I’m wrestling with a very difficult decision. It goes against every fiber of my being. It violates a key value that was instilled in me as a child, and has me questioning where the madness will end if I tip over this first domino. That’s right, I’m trying to decided if I should stop reading a book I’m halfway through and hating.
I’m reading “Zen and the Art of Motorcycle Maintenance.” I picked up Robert M. Pirsig’s famous work with high hopes. Four decades after its publication, the book is considered a classic. Fresh off Aldous Huxley’s fantastic (if slow) “Island,” I was ready for more thought-provoking writing, and, given my interest in philosophy, finally getting around to reading this staple of American literature seemed like a great decision. The New York Times called it “exhilarating!”
I call it “awful.”
The autobiographical story is set during the multi-week motorcycle trip of a father (the narrator), his intellectually/emotionally-challenged son, and two friends. The travel-log and father/son parts of the book are only window dressing though, as the book is primarily concerned with the mental wanderings of the father as he figuratively does philosophical battle with his former self that he now only remembers in fragments due to electroshock therapy. The travel-log and father/son parts are actually interesting, but the philosophy aspect of the book dominates. Wait, dominates is too weak a word. The philosophy aspect of the book torturously squeezes all joy, insight, fun, and enjoyment out of the book.
As much as I dislike the book, I’m disliking even more the idea of quitting. You see, maybe you’ve heard, but quitters never win and winners never quit. In our household growing up, you didn’t quit something you started. That might have happened in other houses, but not our’s. Neighbors and friends started and stopped hobbies and extracurricular activities as often as they changed clothes. Not this kid. I started martial arts and band in elementary school, and I was still kicking and playing in one form or another through college. My sister danced or cheered from before kindergarten through college. When my sister quit band after three years, though, it caused a minor family crisis. My mother still tells the story with anguish in her voice, painfully recounting that my sister had just received a band member of year award the year before. The year before! Honestly, I’m not sure my mother has ever fully respected my sister after that fateful decision. Quitter!

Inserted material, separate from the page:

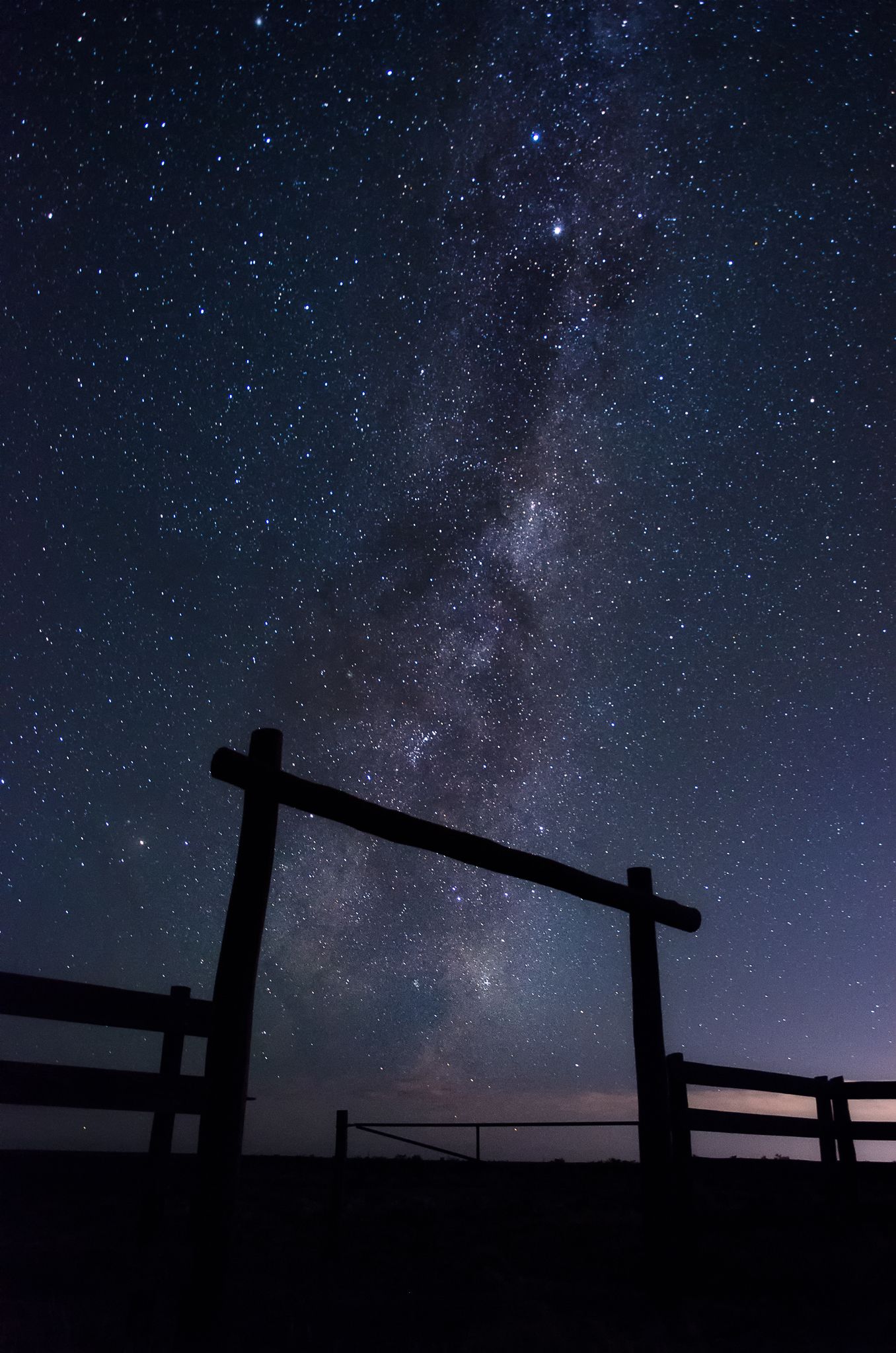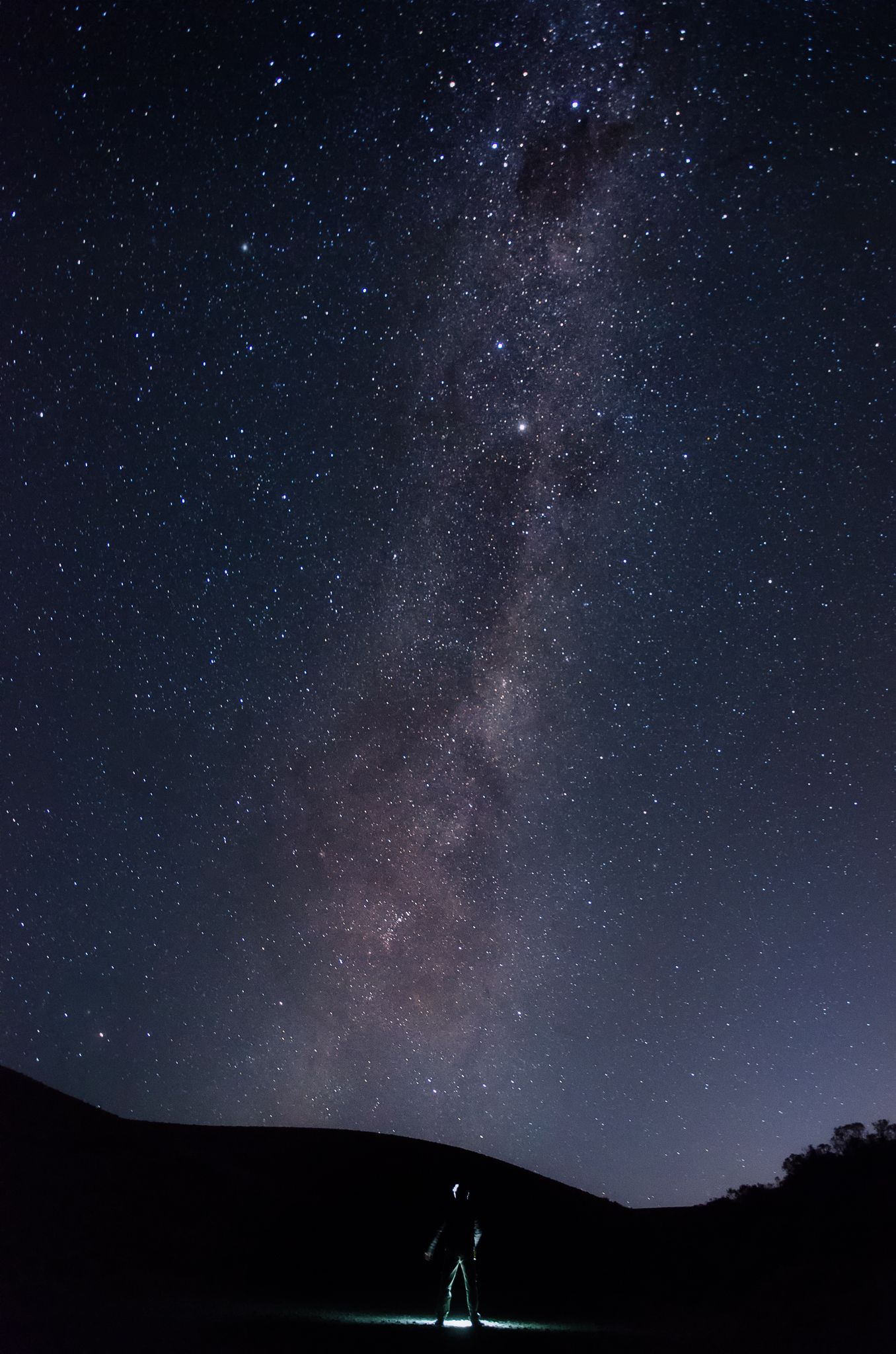 Pengamatan yang saya perhatikan di antara kedua pilihan tersebut adalah sapuan kuas magenta untuk menekankan Bima Sakti. Dalam kasus ini, pusat galaksi belum terlihat, dan memaksakan rona tersebut membuatnya sangat jelas sebagai bintik-bintik di langit. Dan berhati-hatilah agar tidak "membakar" titik cahaya di tanah dengan senter.

Quitting isn’t easy, even if your household didn’t lock you into longer contracts than cell phone companies. No one wants to be a quitter, but how long must one endure the disliked, unwanted, or uninteresting? How long must you try out the new hobby before you decide that you actually hate it? 1 day, 4 months, or 7 years? At what point can you drop the new extracurricular activity? After a few days, or not until you’re the vice president of something? Even the great Kenny Rogers doesn’t help us. He reminds us that we have to know when to hold ’em and when to fold ’em, but he never gets to the verse where he explains how to figure out the difference.
I’ve read 240 pages of a 400 page book, and I’ve read enough to know where the story is going with a fair amount of certainty. I’m not motivated to read any more and can’t foresee caring what else happens. Perhaps most importantly, the draw of other books is stronger than the draw to this book. Maybe, at the end of the day, there is no formula to knowing when to quit. You have to trust yourself to make that call. Maybe the point of not quitting as a kid is so you know what commitment is, and, as an adult, you’ll know when it’s okay to end that commitment.
In the end, I come back to my sister’s clarinet. She threw away a bright musical future, but, to her credit, she’s never looked back. If she can give up the clarinet the year after winning a major award, I can be strong enough to walk away from my book.
I just hope my parents can look me in the face next time we meet.
One thought on “On Knowing When To Quit”
Having reached the ripe old age of 64, I find myself quitting more easily than ever. Movies are allotted 20-25 minutes. No more. If they haven’t grabbed me by then, I don’t have any more time to waste on them. Hope does spring eternal with most books that I buy. Since I have a monetary investment in them I do so hate to admit a mistake in purchasing and continue with them hoping they will get better. Most don’t. Maybe this is a product of age in that time seems to mean more than ever before, knowing that there is less and less of it in my future.